Danrem 143 Haluoleo, Kolonel Inf Yustinus Nono Yulianto mengatakan, sejumlah bangunan di Desa Gunung Jaya yang rusak akibat dibakar oleh warga Desa Sampuabalo sudah selesai dibangun kembali dan saat ini sudah ditinggali oleh warga. Pembangunan rumah dikerjakan oleh TNI kurang lebih tiga bulan.

“Kami sudah selesaikan semua dan alhamdulillah pekerjaan ini bisa kami selesaikan tepat waktu.

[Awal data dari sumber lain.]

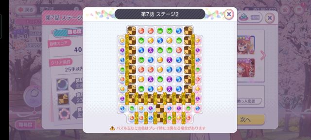 黄色は多めに落ちてくるので50個消去は普通に達成するし、ベル破壊50回と15コンボも意識すればクリアできる。

Manfaatnya sudah dirasakan oleh masyarakat,” kata Kolonel Inf Yustinus Nono Yulianto.

Warga Desa Gunung Jaya dan Desa Sampuabalo yang terlibat bentrokan hebat pada akhir Juni lalu sepakat berdamai dengan membacakan deklarasi damai di Desa Gunung Jaya, Kabupaten Buton, Sultra, Kamis (12/12/2019). (Foto: iNews.id/Andhy Eba)
Warga Desa Gunung Jaya dan Desa Sampuabalo yang terlibat bentrokan hebat pada akhir Juni lalu sepakat berdamai dengan membacakan deklarasi damai di Desa Gunung Jaya, Kabupaten Buton, Sultra, Kamis (12/12/2019). (Foto: iNews.id/Andhy Eba)

Untuk diketahui bentrokan antarkampung antara Desa Gunung Jaya dan Sampuabalo di Buton terjadi di Hari Lebaran 2019 lalu. Puluhan rumah dibakar massa.

Selain itu, dua orang meninggal dunia akibat bentrokan tersebut. Sejumlah warga Desa Sampoabalu pun yang terlibat kasus pembakaran sudah diamankan polisi. Bentrokan tersebut membuat situasi di kedua desa sempat mencekam.